11 is a read pulse 1.
and one output signal 8 of the signal generator 7 ((a) in Fig. 4).
) is given to the phase detector 2, and the optimal phase is determined as the data separation signal 5 for the read pulse 1 (indicated by (d) in FIG. 4) from among the signals 8, 9, and 10 according to the detected output. (9 in Figure 3. (b) in Figure 4: This is a selection circuit that selects 1. The signal shown as (a) in Figure 4 is divided into three parts A, B, and C. The phase detector detects in which part of A, B, or C the read pulse shown as (d) is located.In part (a) of FIG. There are parts A, B, and C, respectively, because the phase relationship between the data separation signal and the read pulse is defined from the level change point of the data separation signal to the level change point, and the no-i level period is also the low-level period. This is because they have the same meaning. In the case shown in Figure 4, the lead nozzle (d) is in the part B, so the signal with the optimal phase as the data separation signal is (b). The selection circuit 11 selects the signal (b) (signal 9 in FIG. 3) as the data separation signal 5 and outputs it.
If the read pulse is in part A, signal (a) is selected, and if it is in part C, signal (C) is selected. If A and B, B,! :C, When there is a read pulse between C and A, the same signal as when it was at either part, for example, the signal (a), (
You may decide to select the signals (a) and (C) as the data separation signals, or you may decide to select the signals (a) and (b) as the data separation signals.
), (c) and a different phase (for example, the intermediate phase of each)
It is also possible to prepare the following signals and select each one. In the embodiment shown in FIG. 3, signals with three types of phases are used as targets to be selected as data separation signals, but the number of signals may be four or more types, for example. However, in that case, it goes without saying that it is necessary to perform phase detection according to the type. The key is to prepare in advance multiple types of signals that have a frequency equal to the write frequency and differ only in phase, and then select and use the one with the optimal phase for the read pulse as the data separation signal. be.

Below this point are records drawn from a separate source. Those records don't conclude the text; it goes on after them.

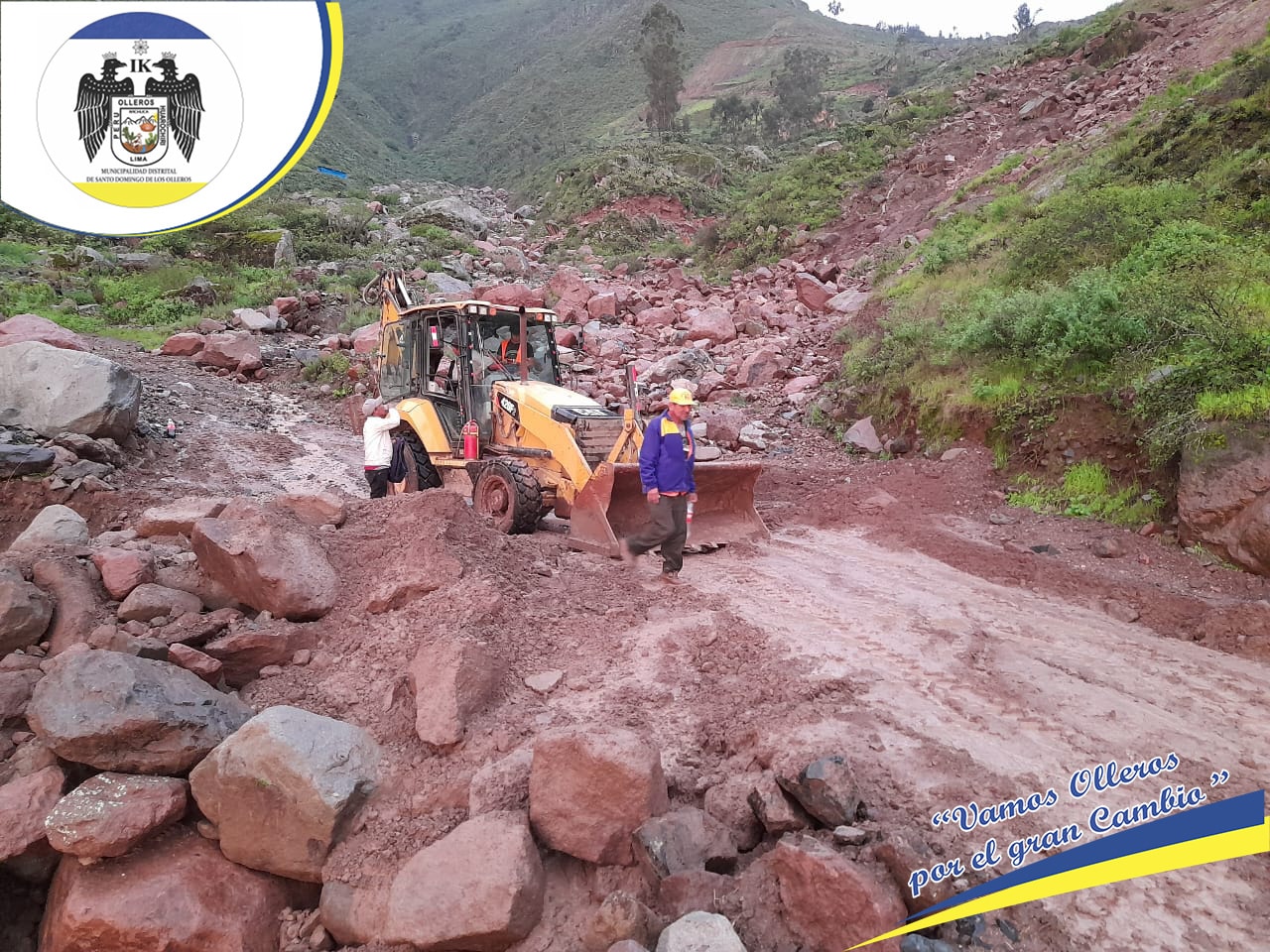 La Municipalidad de Santo Domingo de los Olleros a cargo del alcalde Jorge Obispo Huapaya a través de la Gerente de Desarrollo Urbano y Rural, y la Sugerencia de Riesgos de Desastres y Defensa Civil, realizaron la limpieza y rehabilitación de vías con las maquinarias de la municipalidad para el pase de los agricultores y ganaderos.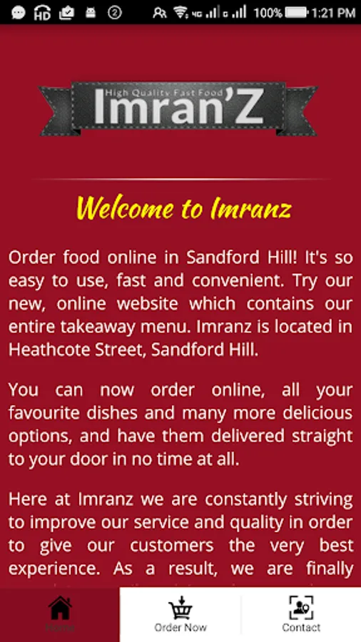 Order food online in Imranz, Sandford Hill! It's so easy to use, fast and convenient. Try our new, online app which contains our entire takeaway menu. Imranz is located in Heathcote Street, Sandford Hill.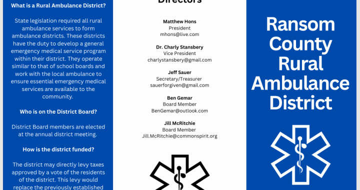 Ransom County Rural Ambulance District Posted on August 4, 2025August 4, 2025 by Janna Miller RCRAD – Mill Levy Brochure Posted in City Government.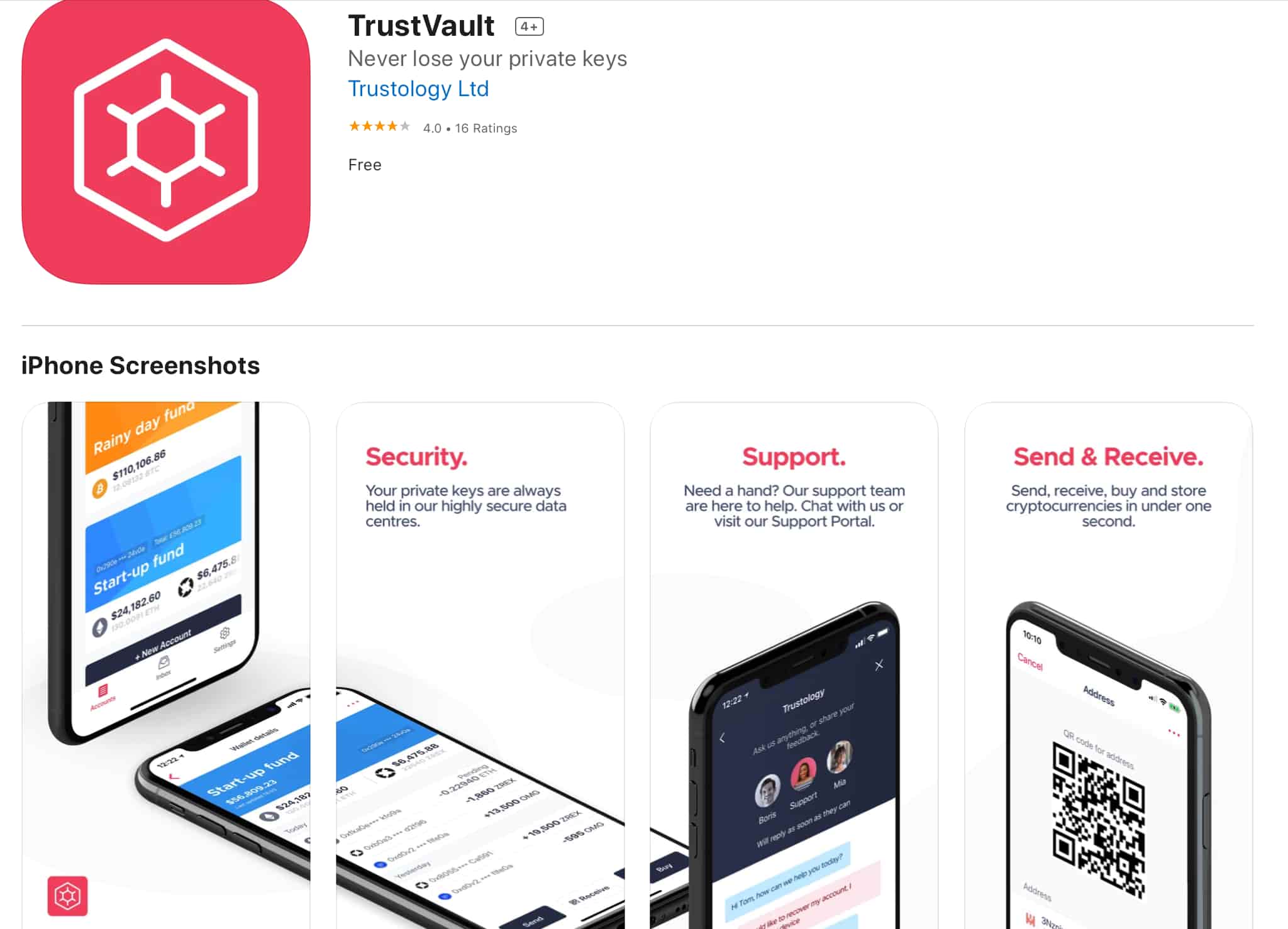 O aplicativo TrustVault possui uma classificação de quatro estrelas, embora tenha apenas 16 críticas. É provável que uma vez que a confiança seja agora voltado especialmente para os corretores, emissores de token e investidores institucionais, o número de usuários individuais não é tão grande quanto em outras carteiras.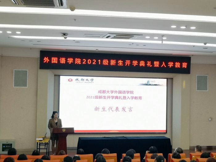 随后由新生代表发言,来自2021级英语4班巫建楠同学首先向给予关心与支持的师长和亲友表示感谢,为自己能够来到成大感到高兴。“来到成大便意味着新的开始,在更广阔的天地间,我们将看见更浩瀚的风景,也可能要面对更汹涌的风浪。我们深知,前方可能会有无数的挑战。困难面前,或许有人会望而却步,但我们迈入成大、成为成大人的那一刻起,就要展现出该有的精气神。”巫建楠同学表示应该珍惜青春,迸展现自己的活力,在成都大学这一片热土上为中国梦增添自己的一份力量!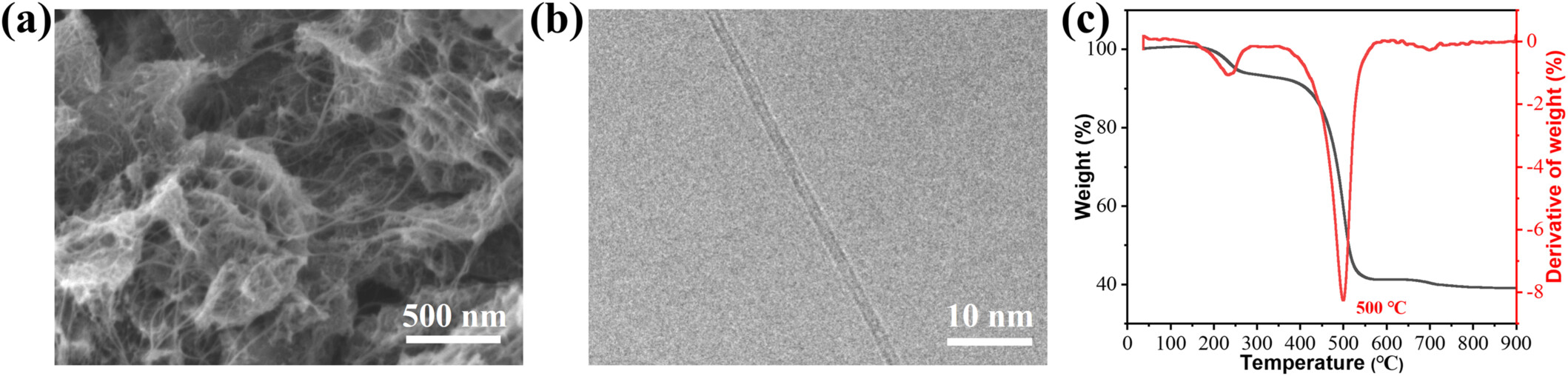 (а) Изображение с помощью сканирующего электронного микроскопа и (b) изображение с помощью просвечивающего электронного микроскопа углеродных нанотрубок, выращенных из натурального каучука при температуре 800 °C. Источник: Carbon Neutralization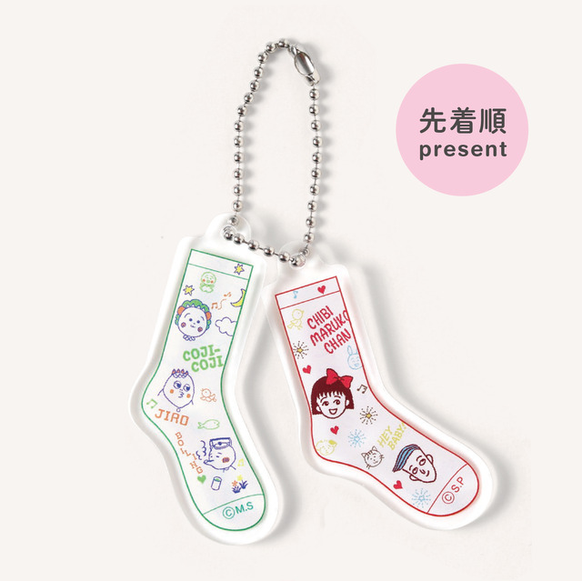 このコラボソックスを含む¥2,750(税込)以上購入した方に、先着で『ちびまる子ちゃん』と『コジコジ』の靴下型キーチェーンが1つプレゼントされる。

As explained above, according to the present invention, the data separation signal generation circuit, which conventionally has been constructed mostly from analog circuits and thus tends to be expensive, can be constructed from a simple digital circuit, resulting in inexpensive and high-performance data demodulation. A device is obtained.

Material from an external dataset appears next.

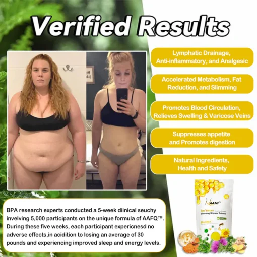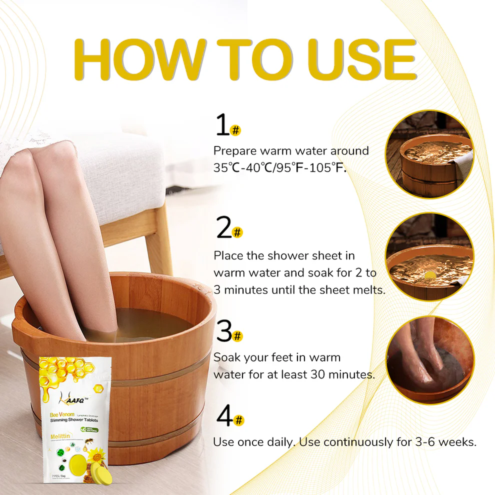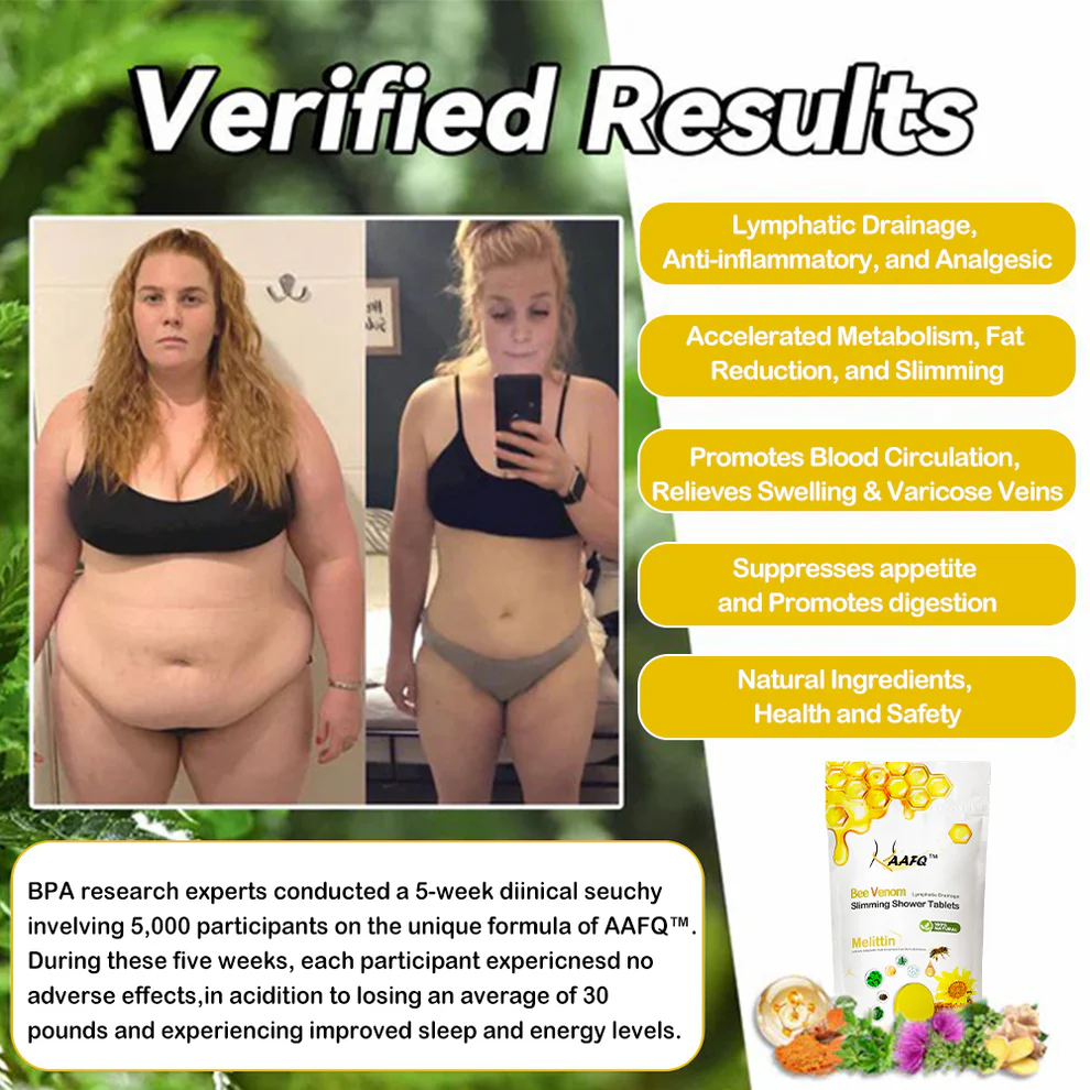 The digestive and lymphatic systems are crucial detox pathways in the body. That’s why we developed the AAFQβ’ Bee Venom Lymphatic Drainage Slimming Shower Tablets, containing bee venom and extracts of iceplant, along with four herbal extracts. These highly active ingredients are concentrated and encapsulated within the film of the slimming patch. During application, the close contact between the abdominal area and the silk film made of natural herbs stimulates intestinal peristalsis, allowing for faster and more effective penetration into the lymphatic system. By cleansing the lymph nodes to rid waste, aiding liver detoxification, and absorbing toxins, it improves metabolism, facilitating effortless fat loss, reducing inflammation, and promoting overall bodily health.

[Brief explanation of drawings]

FIG. 1 is a waveform diagram illustrating the operation of an example of a conventional data separation signal generation circuit. 1... Read pulse 2... Phase detector 5... Data separation signal 6... Excavator 7.・Signal generator 8.9.10...Signals 11 with equal frequencies and different phases...Selective circuit agent Patent attorney Bo 1) Li Xin 1st 2nd Figure $3 Diagram 4

Claims (1)

[Claims] A data demodulator that generates a data separation signal for separating and reproducing data from a composite pulse of a data pulse and a clock pulse read from a storage device includes an oscillator having an output frequency equal to the write frequency of the storage device, and an oscillator output from the oscillator output. a signal generator that generates a plurality of types of signals each having a different phase; a phase detector that detects a phase difference between the oscillator output and the composite pulse; and a plurality of outputs of the signal generator according to the output of the phase detector. a selection circuit that selects one of the signals and outputs it as the data separation signal.